**WHAT IS NEEDED:**
Transcribe exactly, and only, the lines running from the one with "Świetnie skomunikowana, usytuowana" to the end of the entries below, both included, without any pictures.

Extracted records
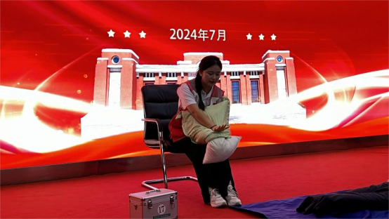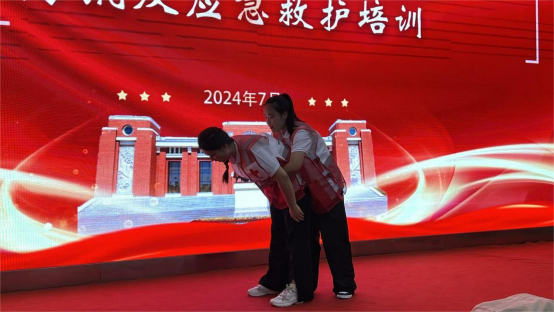 随后,“能院星火”暑期社会实践团重点介绍并现场演示了心肺复苏、成人及婴幼儿海姆立克急救等应急救护基本技能,并通过模拟演练让参训人员亲身体验和操作。培训过程中,参培人员全神贯注听讲,积极参与互动。大家纷纷表示,通过这次培训,不仅增强了防汛意识,还提高了应急救护能力,对于确保纪念馆在汛期的安全稳定具有重要意义。
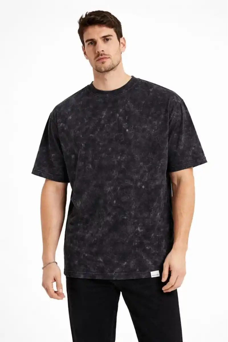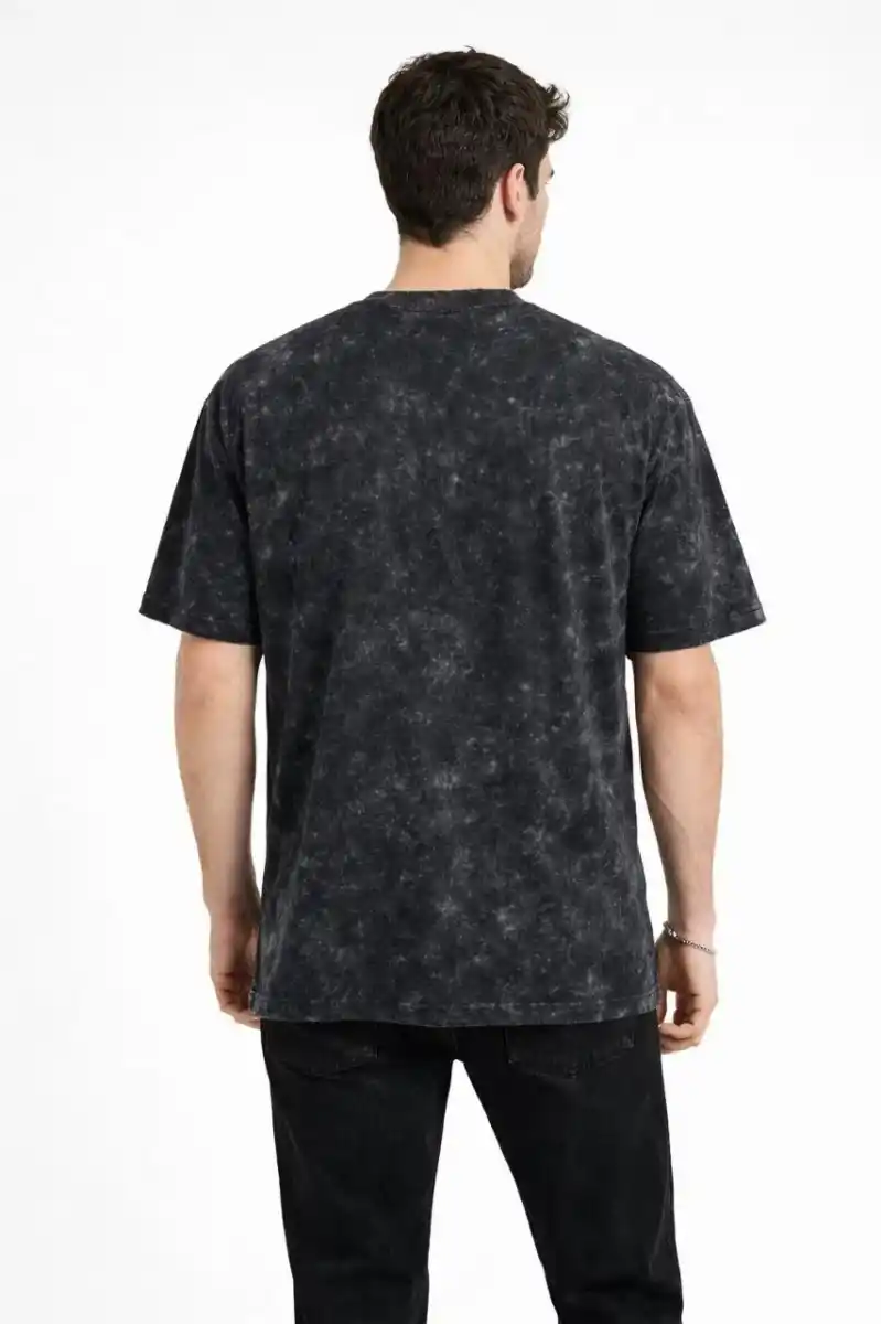 Erkek Asit Yıkama Bisiklet Yaka Kısa Kollu Oversize T-Shirt Tişört - Siyah
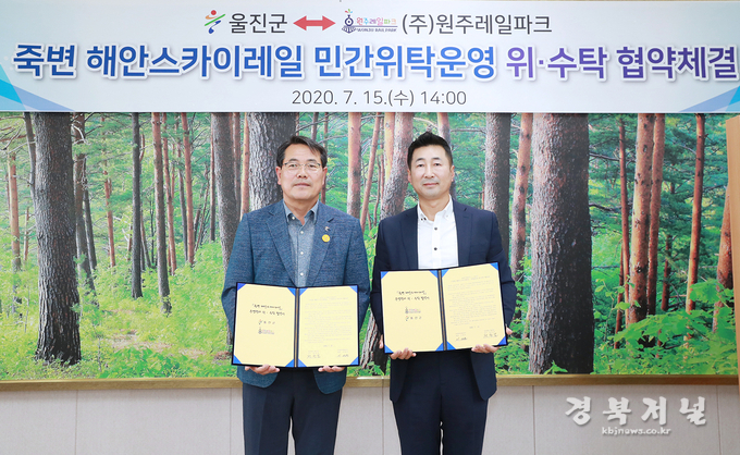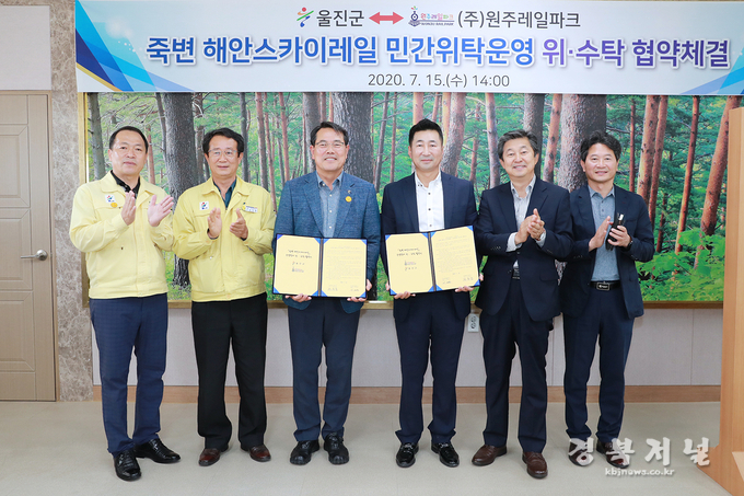 울진군(군수 전찬걸)은 울진의 랜드 마크가 될 죽변 해안스카이레일 민간위탁운영을 위하여 ㈜원주레일파크와 위·수탁협약을 체결하였다.
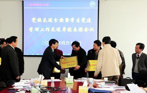 2011年4月15日下午,党校先进分校暨学生党建管理工作先进单位表彰大会在第三教学楼301会议室召开。副校长朱川曲出席,组织部、各教学院党委分校校长、学工处等单位的相关负责人参加会议。会议由组织部部长主持。
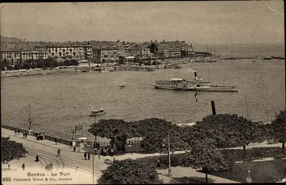 Ak Genève Genf Schweiz, Hafen, Dampfer
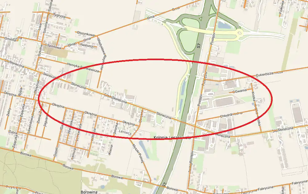 Świetnie skomunikowana, usytuowana blisko węzła "Lesznowola". Do S7 ok. 250 m.
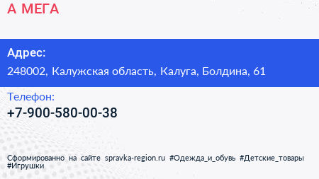 А-МЕГА по адресу 248002, Калужская область, Калуга, Болдина, 61 в дальнейшем Организация, размещена в следующих категориях:
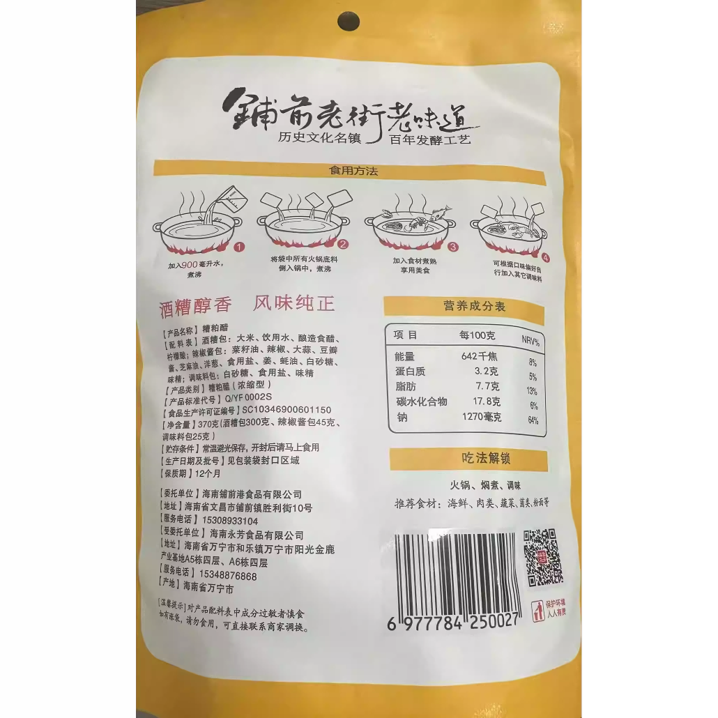 「文昌」海岛糟粕醋酸辣味海鲜火锅底料微微辣小家庭装370g海南调味汤底
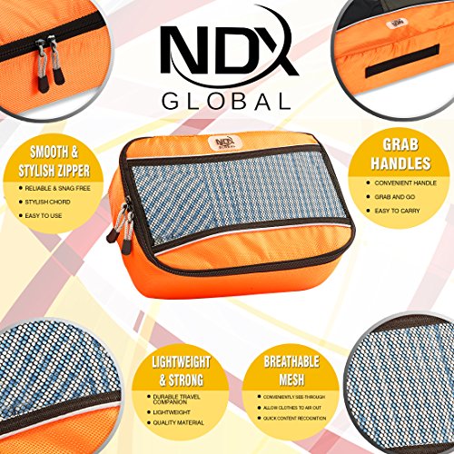 Tired of stuffing your clothes into your already overstuffed suitcase? Then these luggage cubes by NDX Global are for you! Made of high quality nylon with mesh front panels and easy two way zippers, they are both durable and lightweight. Easy to use, they fit into standard size suitcases and protect your clothes from dirt, wrinkles, and stains, as does the bonus shoe bag.Product Features:
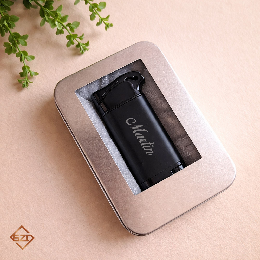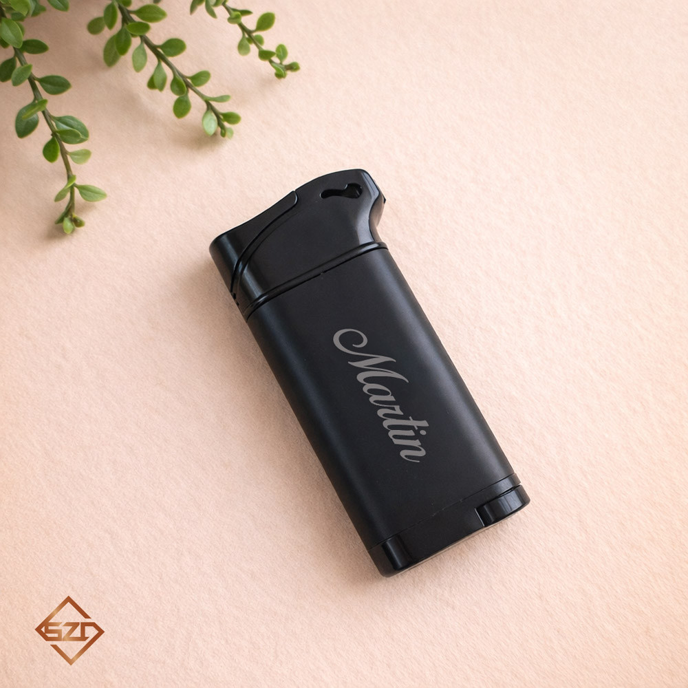 A fekete neves öngyújtó elegáns, matt fekete felülettel rendelkezik, amely tökéletes hátteret biztosít a személyre szabott gravírozásnak. Az egyedi gravírozás révén a termék tökéletesen egyedi.
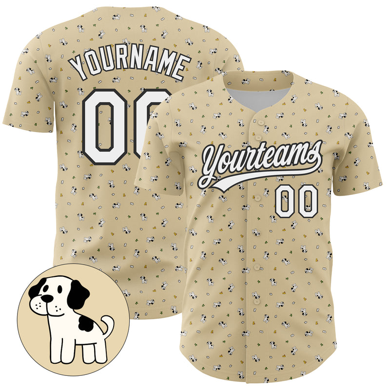 Custom Cream White-Black 3D Pattern Design Animal Dog Authentic Baseball Jersey
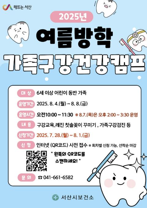 김용란 서산시보건소장은 “이번 캠프가 가족이 함께 참여해 어린이의 올바른 구강관리 습관 형성을 돕는 데 의미가 있다”라며 “앞으로도 전 세대가 함께 실천할 수 있는 구강보건 프로그램을 통해 시민 구강건강 증진에 힘쓰겠다”라고 말했다.
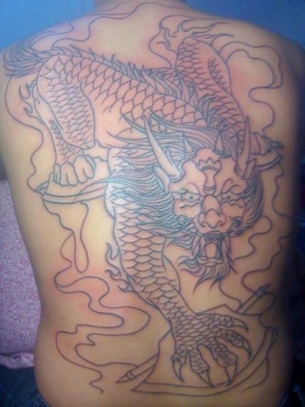 龙纹身手稿_一组老传统黑灰龙手稿纹身图案

**OUTPUT FOR THIS EXERCISE:**
 Świetnie skomunikowana, usytuowana blisko węzła "Lesznowola". Do S7 ok. 250 m.
 А-МЕГА по адресу 248002, Калужская область, Калуга, Болдина, 61 в дальнейшем Организация, размещена в следующих категориях:
 「文昌」海岛糟粕醋酸辣味海鲜火锅底料微微辣小家庭装370g海南调味汤底
 Tired of stuffing your clothes into your already overstuffed suitcase? Then these luggage cubes by NDX Global are for you! Made of high quality nylon with mesh front panels and easy two way zippers, they are both durable and lightweight. Easy to use, they fit into standard size suitcases and protect your clothes from dirt, wrinkles, and stains, as does the bonus shoe bag.Product Features:
 A fekete neves öngyújtó elegáns, matt fekete felülettel rendelkezik, amely tökéletes hátteret biztosít a személyre szabott gravírozásnak. Az egyedi gravírozás révén a termék tökéletesen egyedi.
 Custom Cream White-Black 3D Pattern Design Animal Dog Authentic Baseball Jersey
 김용란 서산시보건소장은 “이번 캠프가 가족이 함께 참여해 어린이의 올바른 구강관리 습관 형성을 돕는 데 의미가 있다”라며 “앞으로도 전 세대가 함께 실천할 수 있는 구강보건 프로그램을 통해 시민 구강건강 증진에 힘쓰겠다”라고 말했다.
 龙纹身手稿_一组老传统黑灰龙手稿纹身图案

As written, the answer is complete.